Among the lines of the listing below, retype exactly those from the one containing "Букет Амарант –" through the one containing "HE occurrence and", both included. Do not include pictures.
****************
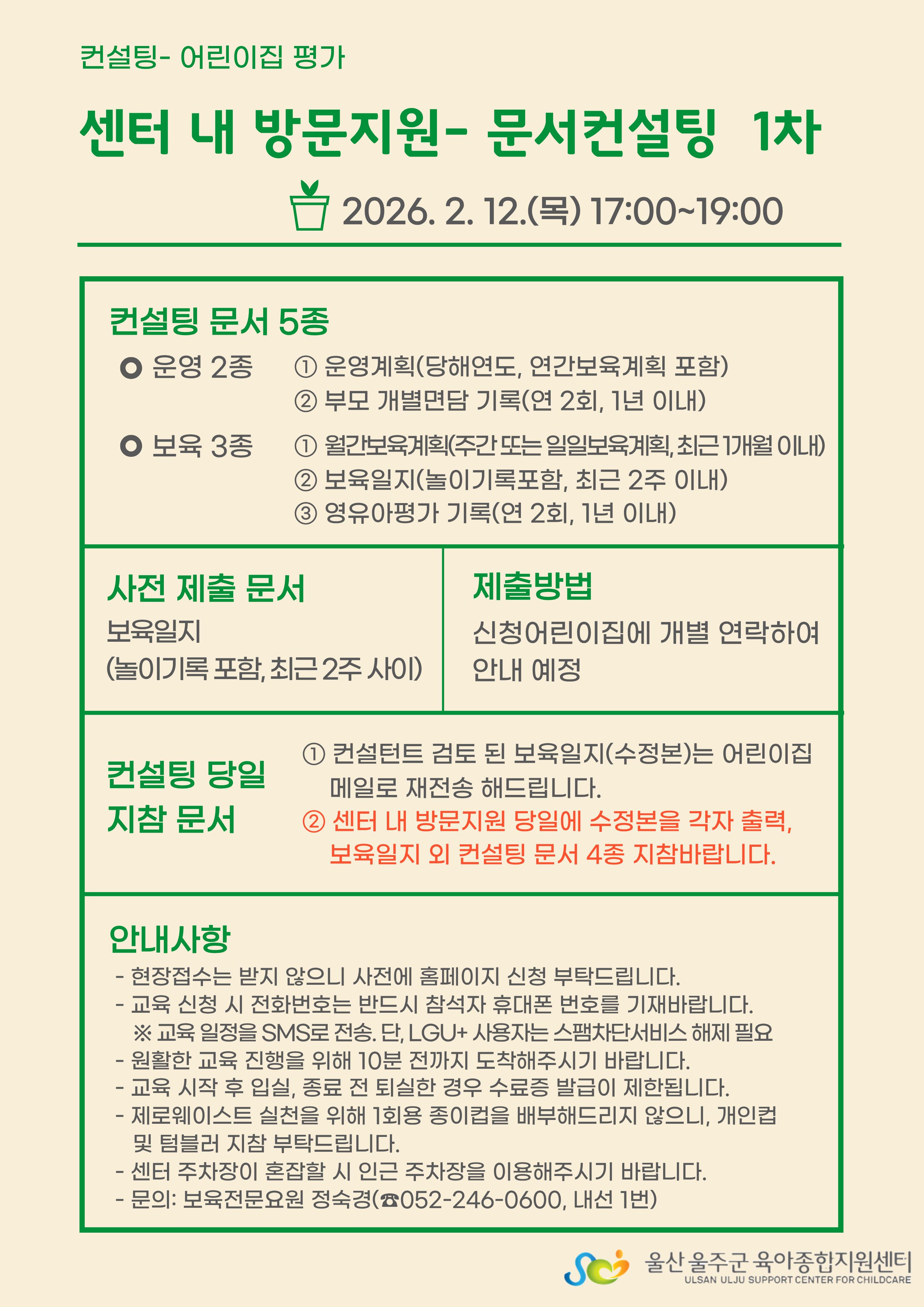 | [ÄÁ¼³ÆÃ] [¾î¸°ÀÌÁý Æò°¡] ¼¾ÅÍ ³» ¹æ¹®Áö¿ø 1Â÷(¹®¼ÄÁ¼³ÆÃ) | |||
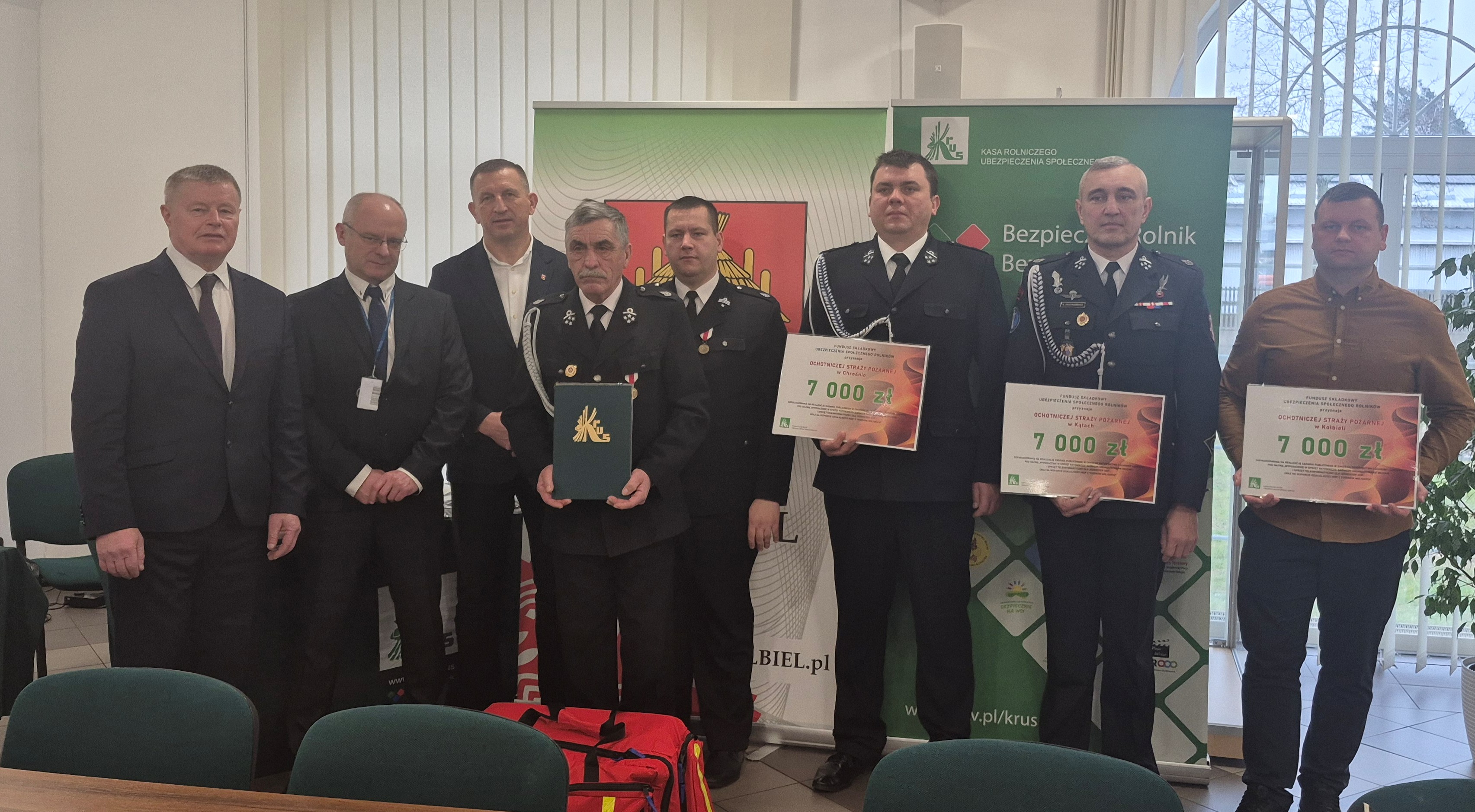 Jednostki OSP z terenu gminy Kołbiel: OSP Chrosna, OSP Kąty i OSP Kołbiel otrzymały po 7 000 zł dofinansowania.
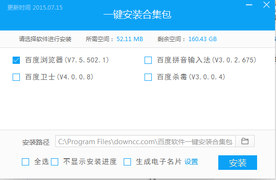 百度软件一键安装合集包为大伙整理了百度旗下的海量热点软件,单个下载百度的软件不只要去找,安装也麻烦,记者提供了百度官方推出的最新推出的一键安装包程序,包含百度拼音输入法、百度卫士、百度浏览器、百度杀毒、pptv等都可以安装,帮你一键安装各种电脑必须具备软件,让懒虫的你便捷快捷起来,电脑装机必须具备哟。
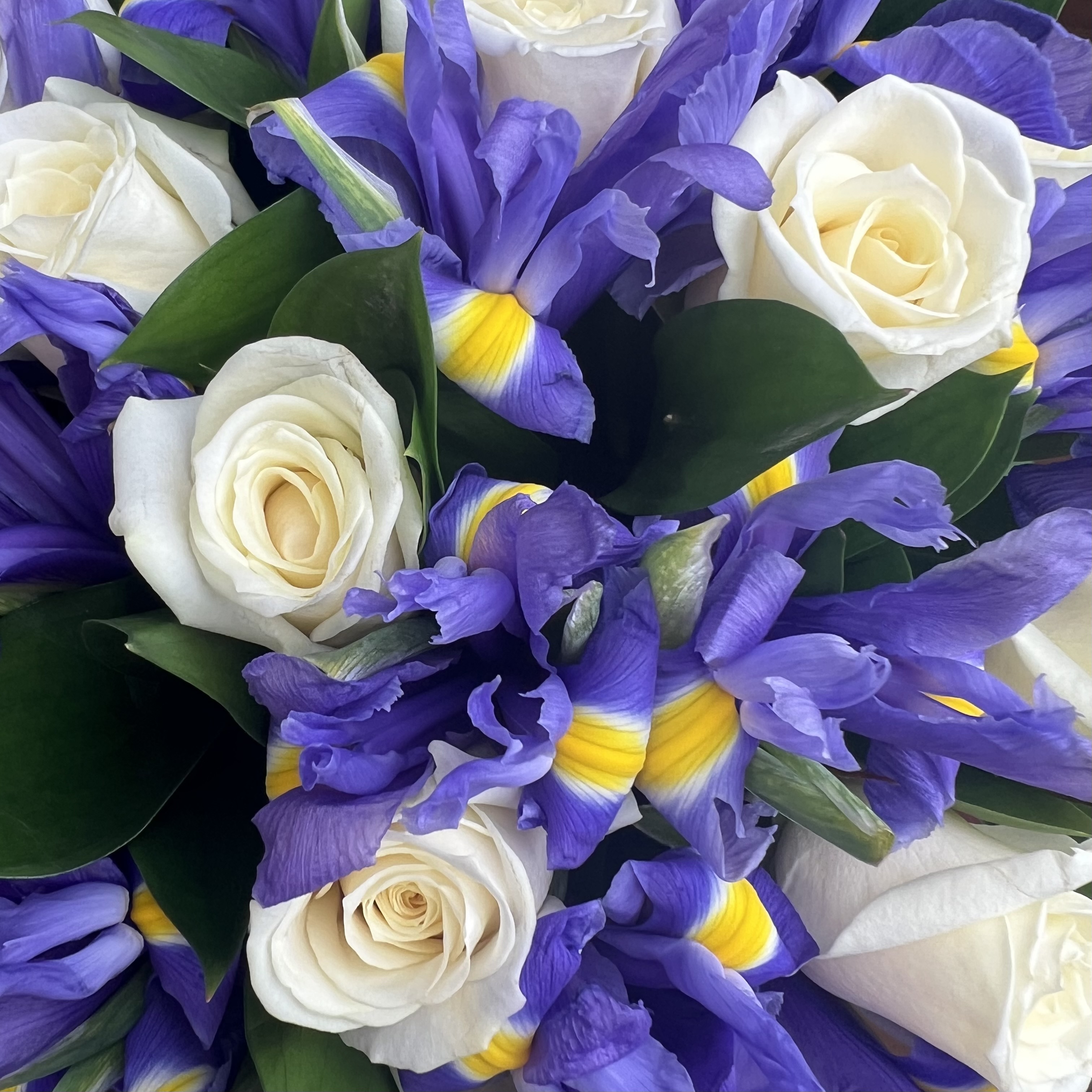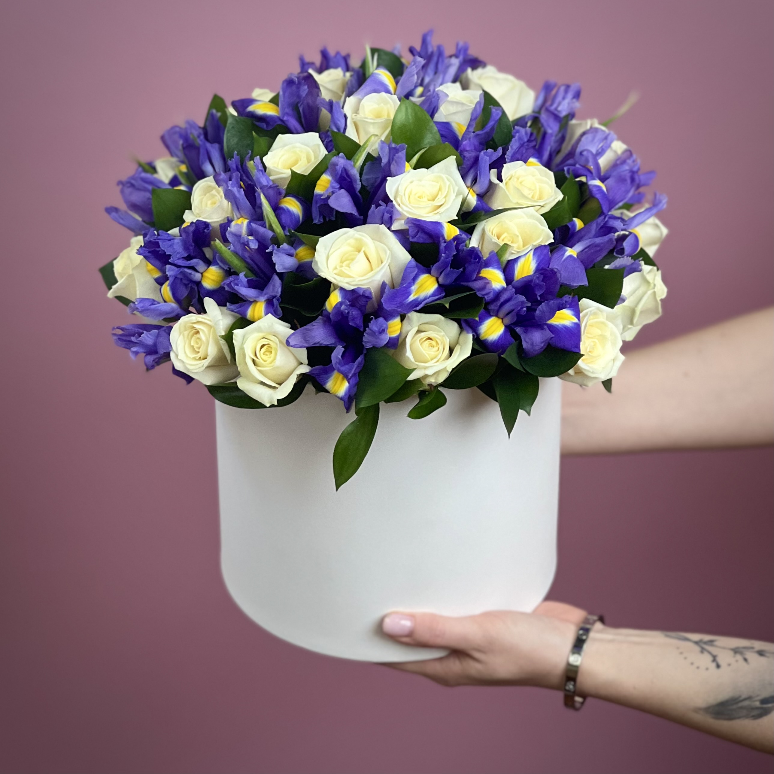 Букет Амарант – красивый нежный подарок из цветов в коробке. В составе букета 21 ирис, 21 роза с длиной стебля 50 см. На дне коробки заботливо уложен Оазис, это специальная губка, способная впитать огромное количество жидкости. Таким образом, цветы будут долго стоять и радовать своим ароматом, свежестью и красотой.
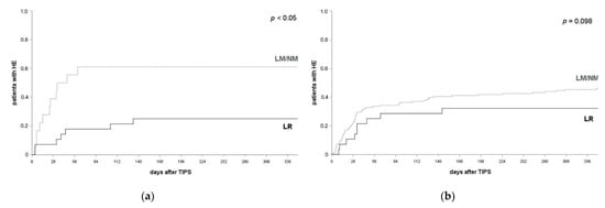 HE occurrence and prophylactic efficacy by history of HE prior to a TIPS implantation. (a) In patients with at least one HE episode prior to their TIPS placement, HE occurred in 44.4% of patients with LM/NM and 10.7% of patients with LR at 1 month (p = 0.009), 61.4% and 20.0% at 3 months (p = 0.003) and 64.7% and 25.0% at 12 months after a TIPS implantation (p = 0.007). A log-rank test ws applied. (b) In patients with no history of HE prior to their TIPS implantation, HE occurred in 34.7% of patients with LM/NM and 20.7% of patients with LR at 1 month (p = 0.173), 39.6% and 29.6% at 3 months (p = 0.364) and 50.7% and 31.0% at 12 months after their TIPS implantation (p = 0.098). log-rank test applied. HE, hepatic encephalopathy; LR, lactulose and rifaximin; LM, lactulose monoprophylaxis; NM, no prophylactic medication.
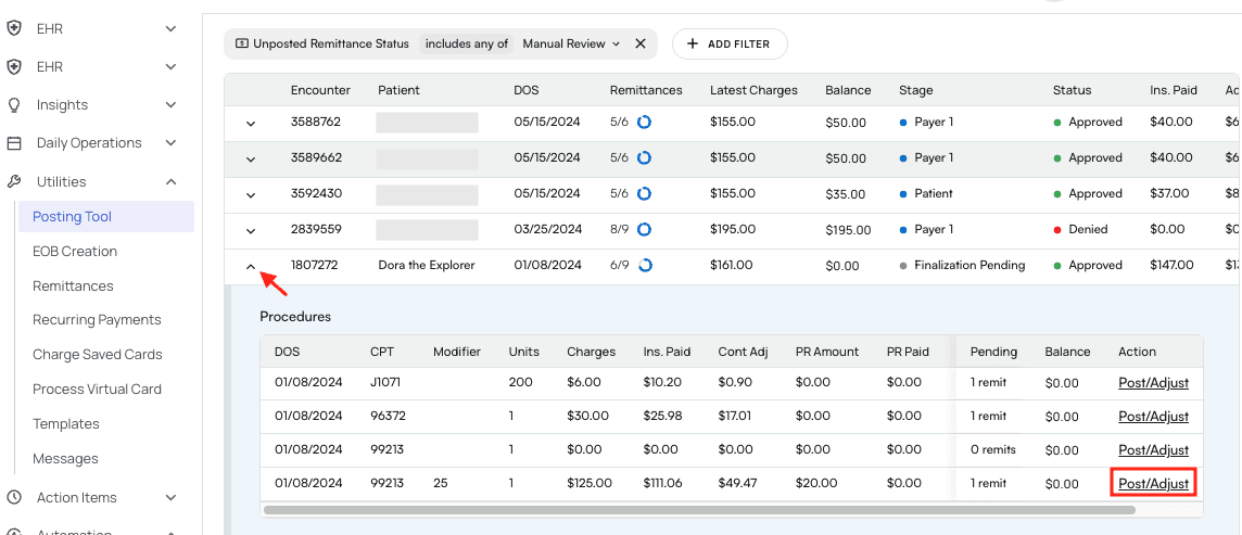 - Visit the Posting Tool page and find the encounter of interest. Click its arrow icon to see procedures listed by DoS.
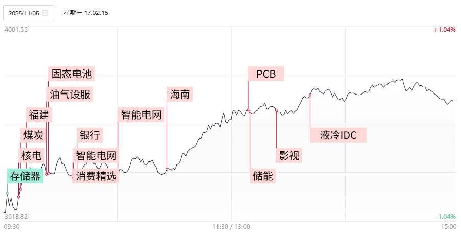 近期英伟达在GTC大会上预计将出货2000万块Blackwell芯片,Blackwell和Rubin芯片合计销售额5000亿美元。算力硬件端局部展开修复,其中受益明年量产的Rubin系列的M9材料为首的PCB概念午后展开反弹,覆铜板概念金安国纪和PCB微钻针概念股中钨高新双双涨停,南亚新材、嘉元科技也双双涨近10%。在上游铜箔、电子布等价格持续看涨背景下,CCL价格上调并带动业绩高弹性仍是大概率事件。此外液冷概念股淳中科技一度触及涨停创出历史新高。反映整个算力硬件端的修复仍处于局部细分的高弹性小票为主,其进一步展开普涨修复仍有难度。
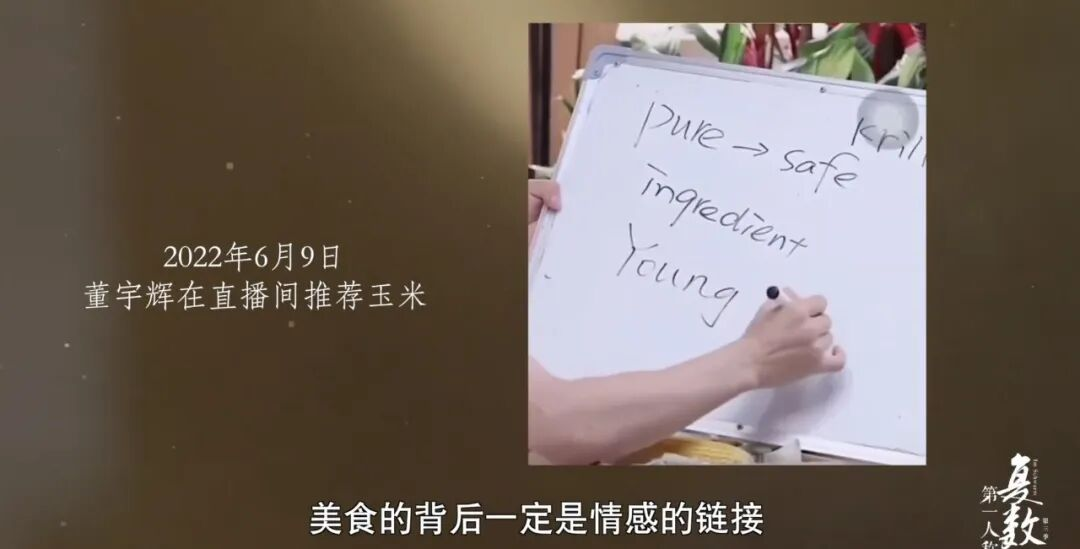 n比如当天在卖玉米时,董宇辉并没有一直讲述产品的信息,而是从玉米出发,带大家回忆了童年吃玉米的一些具体的场景。n那些无忧无虑、虫鸣鸟叫、夕阳西下的回忆片段,引起了观众某种程度的共情,从而转化为了流量。n正如董宇辉所说:美食的背后一定是情感的链接。n
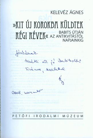 Kelevéz, Ágnes (Egyéb): Kelevéz Ágnes dedikációja Jankovics Józsefnek a "Kit új korokba küldtek régi révek" : Babits útján az antikvitástól napjainkig című munkájában [címlap és dedikáció]. (Publikálatlan) (2008)
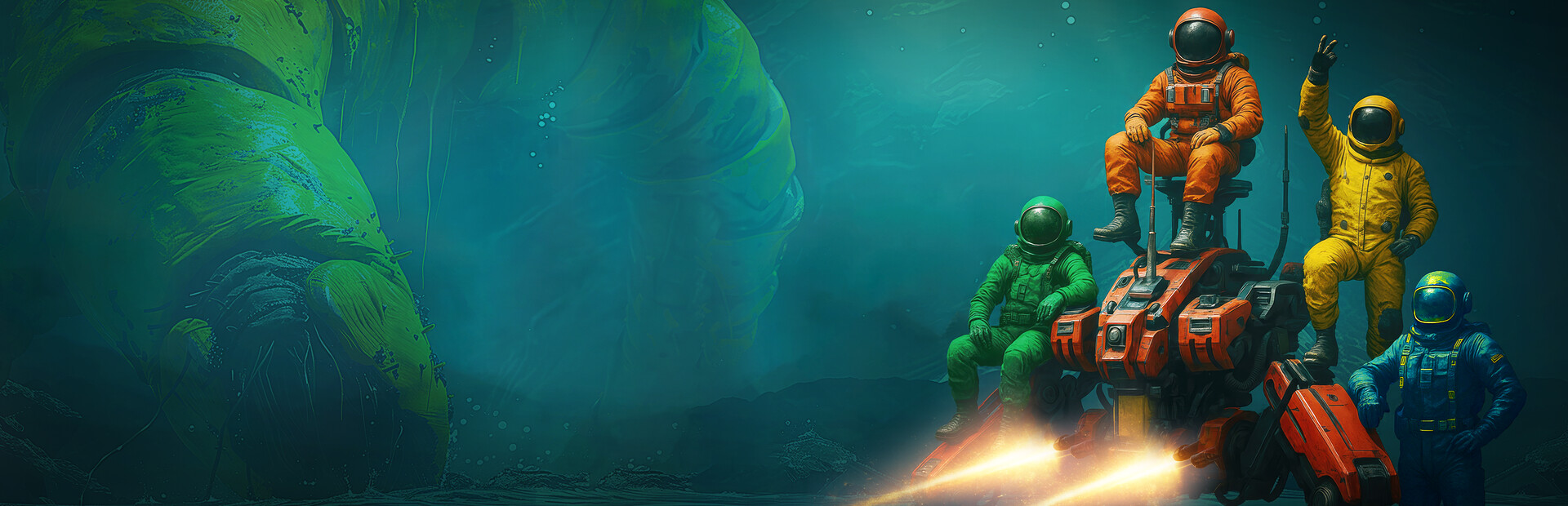 Mine resources from the ocean depths to unlock and upgrade powerful gear. Choose from 9 unique weapons – each with its own range, strengths, and playstyle. Don’t forget to coordinate with your team and plan your loadout beforehand: strategic positioning is key to protecting your Mech and surviving the endless waves.
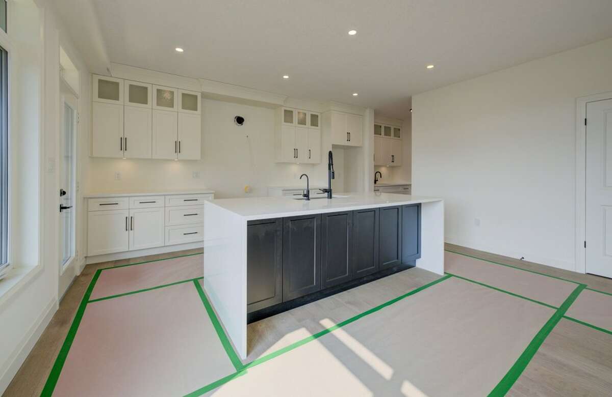Step through the impressive two-storey foyer and into the expansive main floor featuring soaring 9-foot ceilings and upgraded hardwood flooring throughout. The heart of the home is the chef-inspired kitchen, showcasing custom cabinetry, a massive island with a dramatic waterfall quartz countertop, and ample storage, as well as a butlers pantry that flows into a large dinning and living room - ideal for entertaining or everyday living
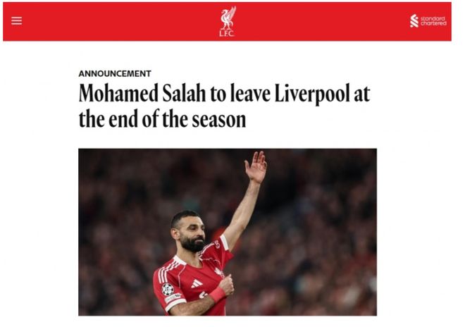 北京时间3月25日凌晨,利物浦射手萨拉赫在个人社交媒体上发布视频,宣布自己将会在本赛季结束后离开利物浦,随后利物浦官方也确认与萨拉赫达成协议,赛季结束后球员将会离队,结束9年利物浦生涯。从2017年加盟利物浦开始,萨拉赫为球队一起拿到了包括2座英超和1座欧冠冠军在内的9座冠军奖杯,同时也打进了255粒进球,成为利物浦的传奇射手。
****************
## [ANSWER SPACE]
 Букет Амарант – красивый нежный подарок из цветов в коробке. В составе букета 21 ирис, 21 роза с длиной стебля 50 см. На дне коробки заботливо уложен Оазис, это специальная губка, способная впитать огромное количество жидкости. Таким образом, цветы будут долго стоять и радовать своим ароматом, свежестью и красотой.
 HE occurrence and prophylactic efficacy by history of HE prior to a TIPS implantation. (a) In patients with at least one HE episode prior to their TIPS placement, HE occurred in 44.4% of patients with LM/NM and 10.7% of patients with LR at 1 month (p = 0.009), 61.4% and 20.0% at 3 months (p = 0.003) and 64.7% and 25.0% at 12 months after a TIPS implantation (p = 0.007). A log-rank test ws applied. (b) In patients with no history of HE prior to their TIPS implantation, HE occurred in 34.7% of patients with LM/NM and 20.7% of patients with LR at 1 month (p = 0.173), 39.6% and 29.6% at 3 months (p = 0.364) and 50.7% and 31.0% at 12 months after their TIPS implantation (p = 0.098). log-rank test applied. HE, hepatic encephalopathy; LR, lactulose and rifaximin; LM, lactulose monoprophylaxis; NM, no prophylactic medication.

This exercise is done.